I think I’m now in the timeless phase most men get to at middle age, though mine had come a little bit faster as you can see.
‘Mid-life crisis in your early 20’s?” you might wonder,’ “practicality and realism at my prime” I’ll definitely reply.
But I digress, let’s get back on track.
I had met her on a lonely day, school was empty and just a few of us “homeless” student were left in campus. Some still attending classes according to their warped academic calendar and some of us working on our projects according to our warped project supervisors.
It is said that you shouldn’t have to speak for yourself, your personality should do that for you. And hers spoke volumes.
Take a minute and imagine the Imam at the mosque close to your house, multiply that sound by 3, then imagine it being broadcast by the array of speakers those Fuji musicians use effectively to induce deafness in Owambe parties. That was how loud her personality spoke.
The first thing it said to me was” I don’t take trash.” I hadn’t even mapped out my approach strategy and she had already discern my intentions and was now giving me her poker face glare.
The second thing the personality said to me was “don’t come close to me, I just want to eat my food in peace and get back to class” but alas the poker face and cold shoulder was no match for me, just as the gazelle ain’t no match for the leopard on the hunt. In fact she either had no experience with the fervor with which boys like me adore the no-nonsense look or she underestimated the extent of my loneliness.
One way or another, that episode ended with me scaling Mount Everest, swimming the English Channel, fording the Atlantic Ocean and spending a night in embattled Mali. Therefore for all these heroics and others here unmentioned, I was rewarded with her pin. My victory smile and sigh of relief outdid that of Usain Bolts as he tried slowing down after breaking new grounds and winning his 6th Olympic medal in sprinting.
She was cute, small and dark skinned. I’ve always being intrigued and attracted by the light-skinned carriers of the double X chromosome but this was different. There was something different about her. A sparkle in those brooding eyes that was being suppressed, a once huge fire beneath those luscious lips that was now banked. Obviously there was something wrong and I wanted to fix it. There was a smile struggling to burst out that serious face and I had to help it out. I almost vowed to make it my life mission to make her happy but then I recalled the Home Video I had seen as a kid about oath-taking and immediately crossed myself. Pope Benedict would have being proud of my commitment.
A couple of things had put me in the advantage, first was that I and some of my friends had already been in the eatery before she came, so I had the home effect in my favor. second was the fact that the place was kinda crowded and I was the only person sitting alone at a table, so after ordering, it was only natural that she sat next to me, but not “with” me.

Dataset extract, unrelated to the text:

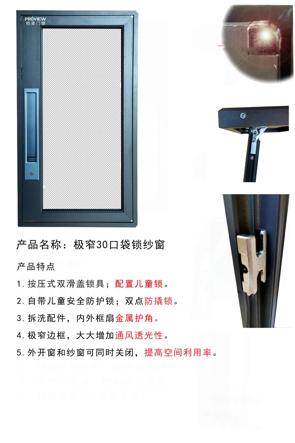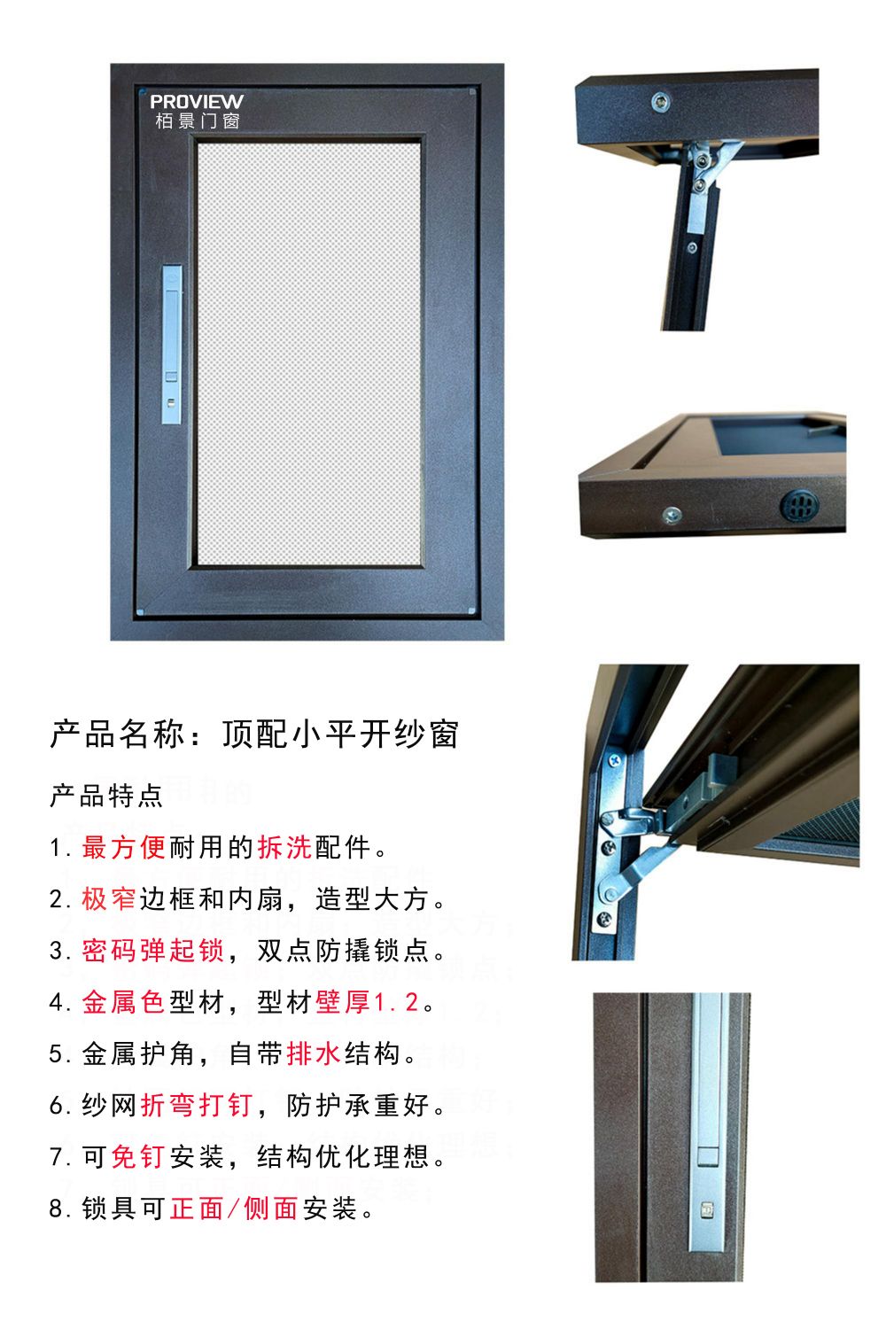 • 外框不銹鋼銷釘組角工藝,外看面無凹槽確保整體性,小邊框設(shè)計,不妨礙原窗排水功能。
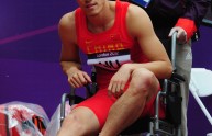 Liu Xiang sulla sedia a rotelle dopo aver superato il tragurdo on Day 11 of the London 2012 Olympic Games at Olympic Stadium on August 7, 2012 in London, England.

As she sat down I gave her a tentative polite smile which was met with a straight face. This was a technique I liked to call le reverse interrogation. By her reaction I could already tell that nowhere would be gotten by fawning over her, so I deliberately gave her another smile, a big boy nod, focused on my food and proceeded to forget the fact that she existed.
The plong plonging of her blackberry brought my attention back to her. By this time we were both done eating and the game was on. she waiting for me to make the move and me enjoying watching her wait for me to make the move. After bout 5 minutes I could tell she was getting restless and decided to put her out of her misery.
After much rumination and cud-chewing, I decided to use a line coined by the Maestro of virtual and practical hook-ups: vunderkind. so I leaned back on my seat, turned up the wattage of my sexy smile and said;
“Can I tickle your nipples with a feather?”
Hold up! I hear mama’s shuffling footsteps and I haven’t even made the soup. I haff gast to GO!